# Use the table of integrals to find the following integral. \\ \int \frac{ (\sec^2 \theta \tan^2...

## Question:

Use the table of integrals to find the following integral.

{eq}\int \frac{ (\sec^2 \theta \tan^2 \theta)}{\sqrt {4-\tan^2 \theta}}d\theta{/eq}

## Integration by Substitution:

There are two types of integration substitution: substitution of a function and substitution of a trigonometric function.

Substitution of a function: It can use as a u-substitution or v-substitution.

Substitution of a trigonometric function: It can use the trigonometric function for substitution.

For this solution, we use both of the substitution methods.

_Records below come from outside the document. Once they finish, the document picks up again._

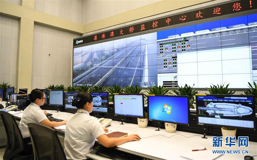 港珠澳大橋監(jiān)控中心(2018年10月10日攝)。 金秋十月,伶仃洋上海天一色、潮聲陣陣,依傍著這片中國(guó)南海水域的城市群迎來(lái)深具意義的一天。 10月23日上午,港珠澳大橋開通儀式在廣東珠海舉行,中共中央總書記、國(guó)家主席、中央軍委主席習(xí)近平出席儀式,宣布大橋正式開通。 碧波之上,一橋飛架香港、澳門、珠海三地,以氣貫長(zhǎng)虹的“中國(guó)跨度”,飛越滄海百年的歷史風(fēng)云,展現(xiàn)當(dāng)代中國(guó)的雄健風(fēng)采。 新華社記者鄧華攝
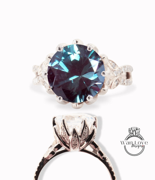 Lotus Alexandrite Ring Vintage Lotus flower Round Alexandrite Ring Alexandrite Diamond Emerald Floral Engagement Ring Promise Wedding Ring
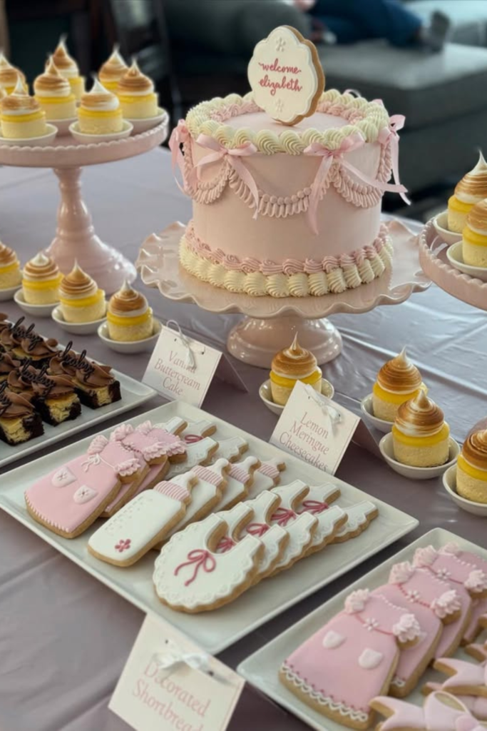 If dessert is the emotional centerpiece of your brunch baby shower, give it a moment of its own.
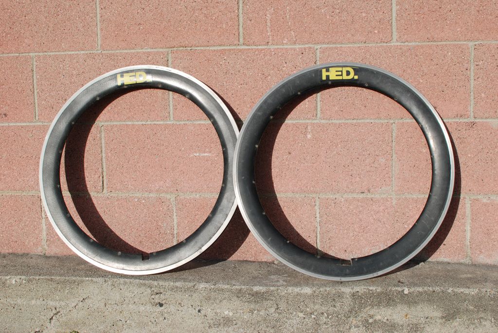 Den forrige eieren har gått løs på dem med vinkelsliper ellerno, det skal ikke være så dype "høl". Skikkelig helligbrøde, på gamle HED-felger
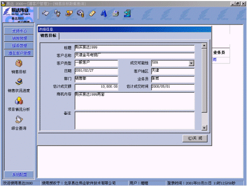 | 易達2001 CRM 助北京維康瑞提升客戶關(guān)系 2001-11-28 |
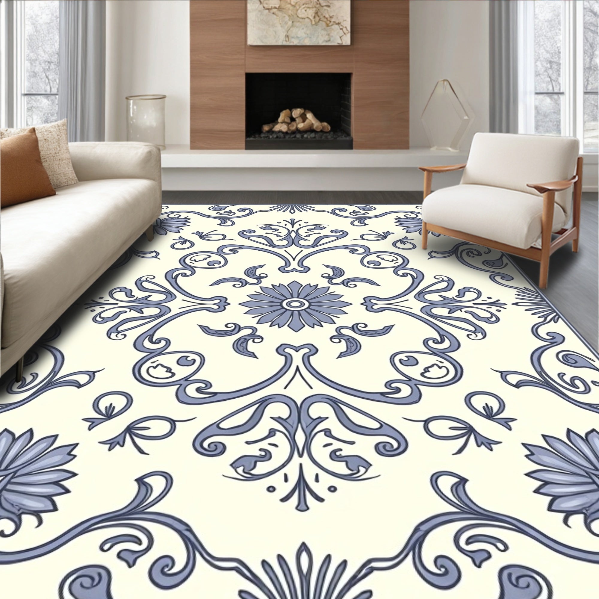 Flatwoven High Traffic Area Rug, Floral Scrollwork Paisley Ornate Symmetrical, Non Slip, Stain Resistant, Washable Area Rugs for Living Room, Bedroom (Ivory) Overview:
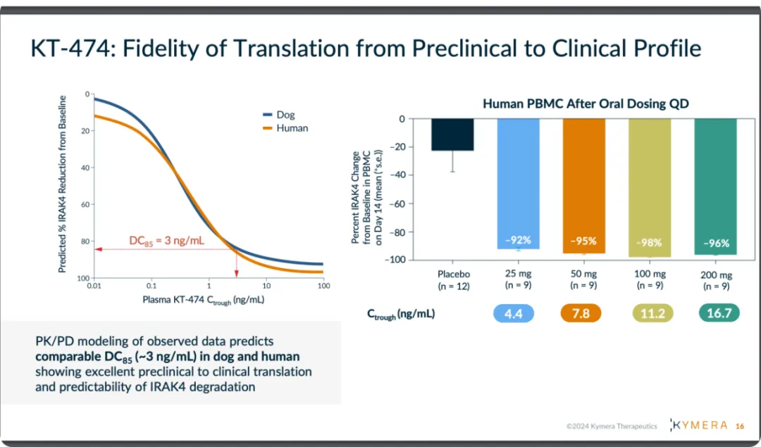 另一条有意思的CDAC管线是BGB-45035,靶向IRAK4,自免领域方兴未艾的新靶点,之后将用于治疗中重度特异性皮炎。相关的同靶点PROTAC分子中,披露资料较多的是Kymera Therapeutics的KT-474,该药2020年被赛诺菲看中,与Kymera共同开发KT-474。
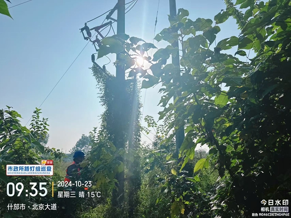 二、强化路灯维修。加大巡查力度,发现损坏路灯,立即组织工人进行维修。本月,共维修路灯50盏,更换路灯10盏,处理线路故障8处。对嘉陵江西路、北京大道等道路路灯专变搭火点周围杂木长势较高问题,高压线藤树缠绕导电存在安全隐患问题,对其周围树木、枯枝进行了清理,将隐患消灭在萌芽状态,保障路灯线路安全运行和周边环境的安全,目前已清理6处,做到发现一处处理一处,确保亮灯率98%以上。
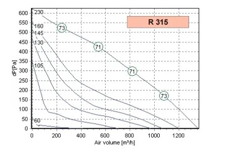 Аэродинамические характеристики канального трубного вентилятора Rosenberg R 315
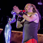 where I like to be. The curtain dropped, and I have never seen a crowd go as insane as this group did. Everyone was so tightly packed that even if you were not jumping, your body was being lifted in the air with everyone else. Crowd surfers were going over our heads in waves, and mosh pits erupted throughout the venue in multiple places. Korn blasted hit after hit for one of the best shows they have ever performed. With old hits Korn has not played in years, like “Helmet In The Bush,” along with new songs and a wee bit of bagpipes sprinkled in. How could Jonathan Davis properly do a 30th-anniversary tour without his bagpipes! Korn also dedicated their song “Blind” to producer Ross Robinson, saying they couldn’t have done any of this without him. Korn closed out the show with their final song, “Freak On A Leash,” with Amy Lee from Evanescence joining Jonathan Davis on stage for a fantastic end to the night.
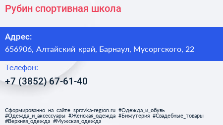 Рубин, спортивная школа по адресу 656906, Алтайский край, Барнаул, Мусоргского, 22 в дальнейшем Организация, размещена в следующих категориях:
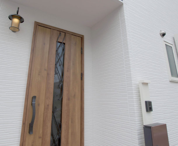 白×黒ツートンカラーのモダンな外壁に、ナチュラルテイストの玄関ドアやポストユニット・アンティーク調のポーチライトが映える外観デザイン
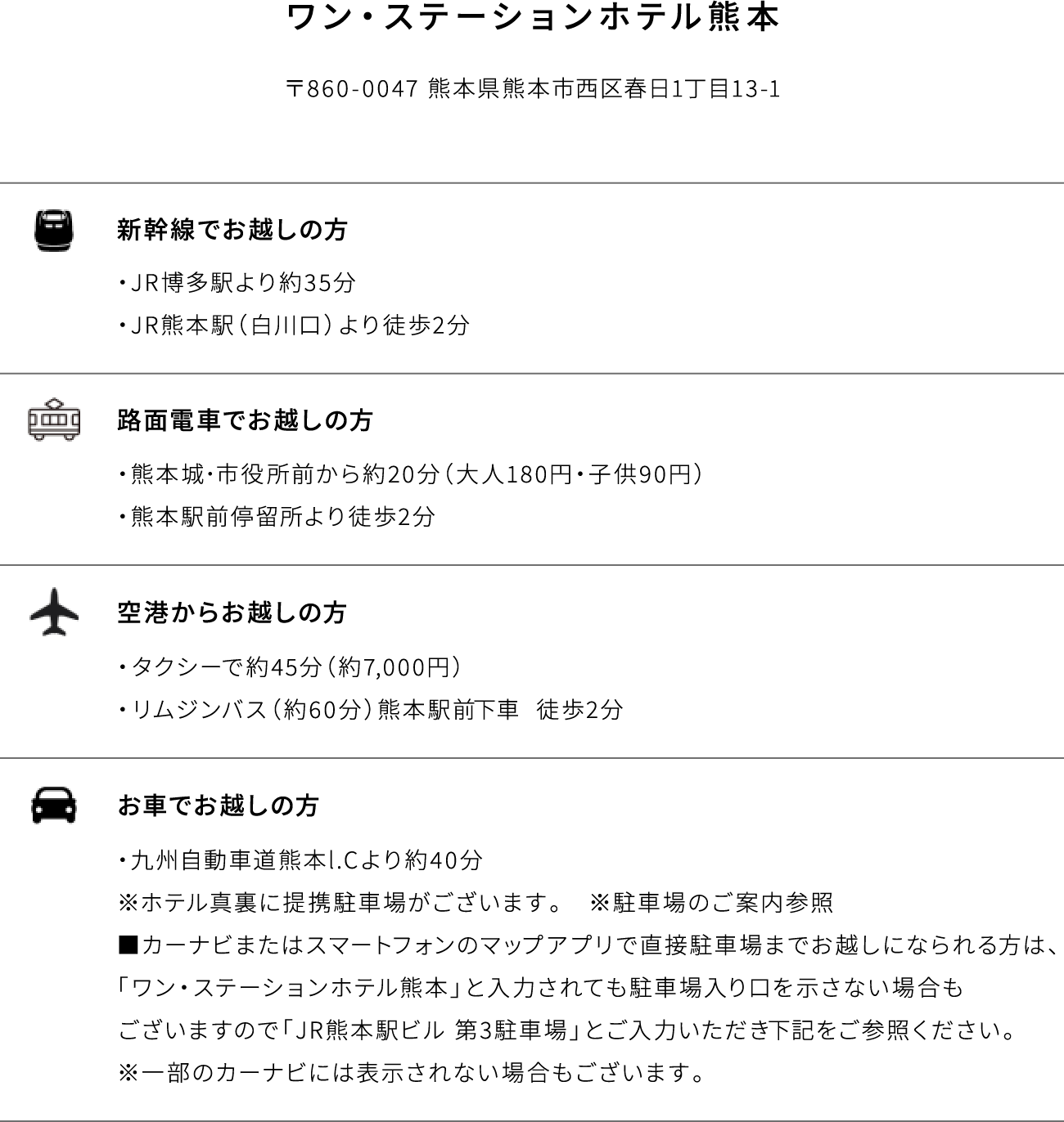 ワン・ステーションホテル熊本(DLIGHT LIFE & HOTELS) アクセス
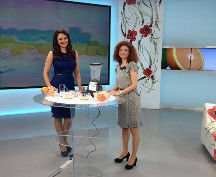 A fost cu totul inedit pentru mine sa ma aflu intr-un platou de filmare, intr-o cabina de machiaj, in mijlocul unei echipe de filmare, cu tot ce presupune ea, inclusiv emotii. 🙂 Dupa prezentare, Alexandra Pacuraru, careia ii multumesc mult pentru ca m-a chemat alaturi de ea la editia a treia a emisiunii, a devorat un bol cu smoothie cat ai zice…chia. 🙂 …Si umbla vorba ca si colegii Alexandrei (care au mai apucat) au fost incantati de piureul auriu de citrice! 🙂
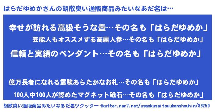 | 意味不明あだ名 | 『とにかく怪しいはらだゆめか』 |
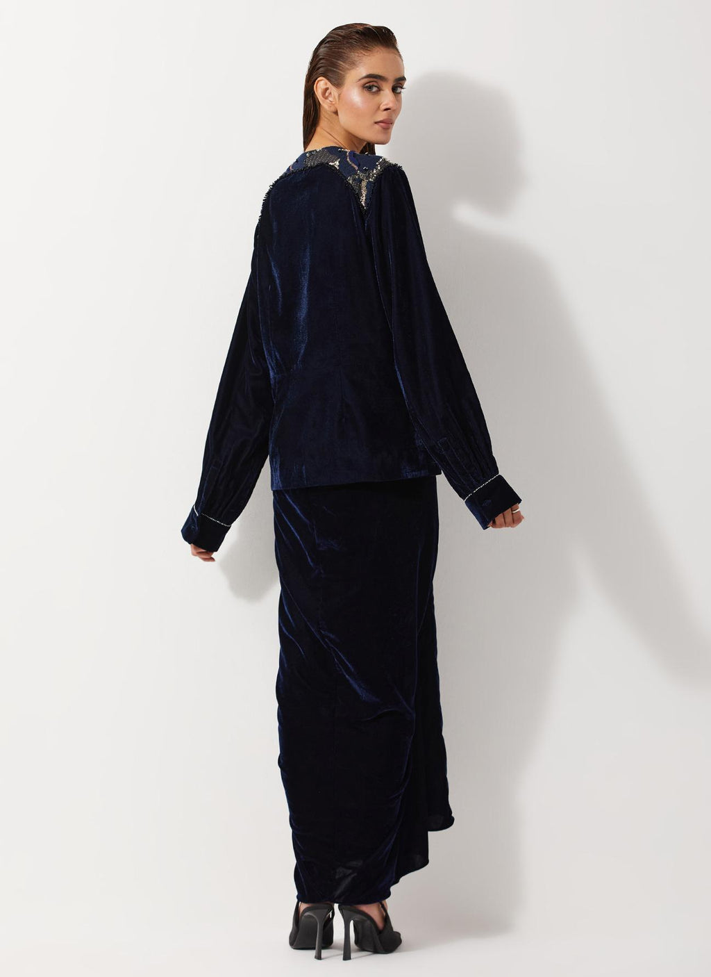 Navy Blue Peplum Velvet Jacket Paired With Velvet Cowl Skirt

So, we require the following historical context:

1. Common derivative: {eq}\displaystyle \frac{d}{dx}\left(\tan \left(x\right)\right)=\sec ^2\left(x\right). {/eq}

2. Common derivative: {eq}\displaystyle \frac{d}{dx}\left(\sin \left(x\right)\right)=\cos \left(x\right). {/eq}

3. Take the constant out: {eq}\displaystyle \int c\cdot f\left(v\right)dv=c\cdot \int f\left(v\right)dv. {/eq}

4. Trigonometric identity: {eq}\displaystyle \sin ^2\left(x\right)=\frac{1-\cos \left(2x\right)}{2}. {/eq}

5. The sum rule: {eq}\displaystyle \int f\left(v\right)\pm g\left(v\right)dv=\int f\left(v\right)dv\pm \int g\left(v\right)dv. {/eq}

6. Common integration: {eq}\displaystyle \int \cos \left(w\right)dw=\sin \left(w\right). {/eq}

7. Integration of a constant: {eq}\displaystyle \int adx=ax. {/eq}

We have to solve the integration of $$\displaystyle I = \int \frac{ (\sec^2 \theta \tan^2 \theta)}{\sqrt {4-\tan^2 \theta}}d\theta$$

Apply the substitution for {eq}u=\tan \left(\theta\right) \Rightarrow du = \sec ^2\left(\theta\right) d\theta. {/eq}

$$\displaystyle = \int \frac{u^2}{\sqrt{4-u^2}}du$$

Apply the trigonometric substitution for {eq}u=2\sin \left(v\right) \Rightarrow du = 2 \cos \left(v\right) dv. {/eq}

$$\displaystyle = \int 4\sin ^2\left(v\right)dv$$

Take the constant out.

$$\displaystyle = 4\cdot \int \sin ^2\left(v\right)dv$$

Use the trigonometric identity.

$$\displaystyle = 4\cdot \int \frac{1-\cos \left(2v\right)}{2}dv$$

Take the constant out.

$$\displaystyle = 4\cdot \frac{1}{2}\cdot \int 1-\cos \left(2v\right)dv$$

Apply the sum rule.

$$\displaystyle = 4\cdot \frac{1}{2}\left(\int 1dv-\int \cos \left(2v\right)dv\right)$$

Use the common integration.

$$\displaystyle = 4\cdot \frac{1}{2}\left(v-\frac{1}{2}\sin \left(2v\right)\right)+C$$

Substitute back {eq}v=\arcsin \left(\frac{1}{2}u\right). {/eq}

$$\displaystyle = 4\cdot \frac{1}{2}\left(\arcsin \left(\frac{1}{2}u\right)-\frac{1}{2}\sin \left(2\arcsin \left(\frac{1}{2}u\right)\right)\right)+C$$

Substitute back {eq}u=\tan \left(\theta\right). {/eq}

$$\displaystyle = 4\cdot \frac{1}{2}\left(\arcsin \left(\frac{1}{2}\tan \left(\theta\right)\right)-\frac{1}{2}\sin \left(2\arcsin \left(\frac{1}{2}\tan \left(\theta\right)\right)\right)\right)+C$$

Simplify:

$$\displaystyle = 2\arcsin \left(\frac{1}{2}\tan \left(\theta\right)\right)-\sin \left(2\arcsin \left(\frac{1}{2}\tan \left(\theta\right)\right)\right)+C$$

Where C is constant of the integration.